During 1997, Carolyn Williams, President, Bronx Community College; Margaret Harrington, Chief Executive, New York City School Programs; and I visited South Africa to help local teams plan and to begin discussing the creation of a national partnership center that would offer teams a long-term resource. In 1997, Ford awarded planning or full grants to four of the original five universities and the Northern Teknikon Transvaal, and South African teams visited New York-area sites and participated in the national UPP meeting in Phoenix.
Through future reciprocal visits, Americans and South Africans will assist and learn from one another. In addition, theCenter will help South Africans determine if a South African partnership center is desirable. From July 31-August 7, 1998, in conjunction with South African colleagues, the Center will co-sponsor a Study Trip/Conference in Cape Town and Durban.

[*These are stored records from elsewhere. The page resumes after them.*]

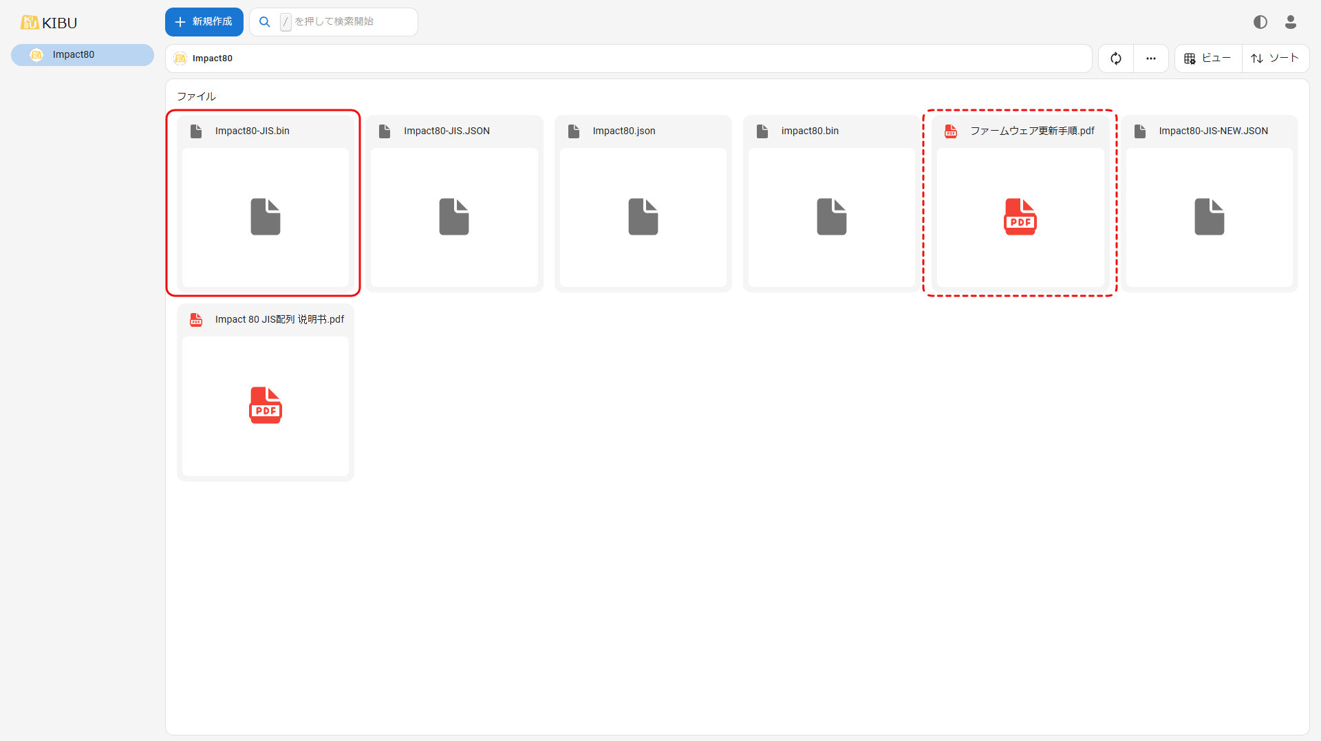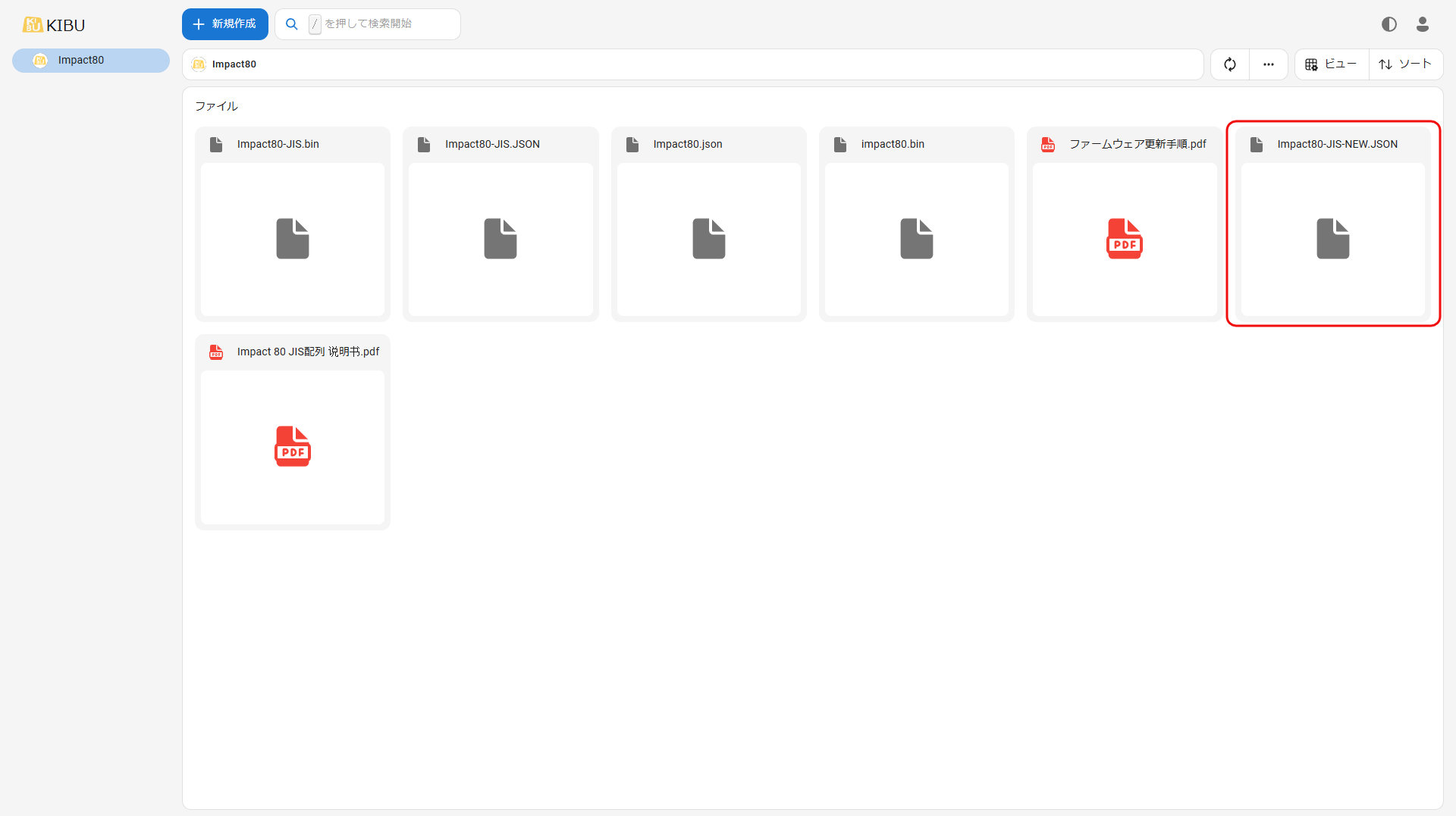 - KIBUSHOPのサイトからファームウェアをダウンロードする。(Impact80-JIS.bin)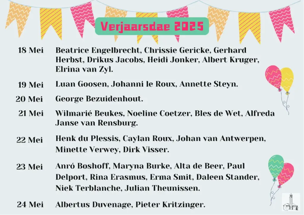 Gepubliseer op 17 Mei 202514 Mei 2025 deur NG KerkLief en Leed Week 21 van 2025 Verjaarsdae Deel hierdie op: Share on Facebook (Opens in new window) Facebook Share on WhatsApp (Opens in new window) WhatsApp More Share on X (Opens in new window) X Share on Telegram (Opens in new window) Telegram Email a link to a friend (Opens in new window) Email Verwante items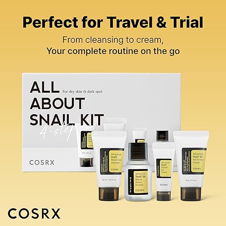 Thông tin sản phẩm COSRX All About Snail Mucin Korean Skin Care Set, Mini Travel Essentials, Travel Size Gift Set with Snail Mucin Face Wash, Serum, Moisturizer & Eye Cream, Rejuvenating Kit, Stocking Stuffers

It seems to me that rich potential exists, whatever the form South Africans pursue partnerships. The value of a partnership emerges from how a team sets goals, sustains membership, incorporates newcomers, and makes ongoing decisions in ways that respect an agreed-upon plan and tap into the energy and passion of team members simultaneously.
South African and American leaders recognize that the educational, political and ethical challenges they confront are so formidable and interdependent that no one institution or sector of society can engage them alone. Both countries recognize that alliances between groups and institutions historically at odds or distant from one another may represent the direction of the future. No group can rebuild District Six by itself.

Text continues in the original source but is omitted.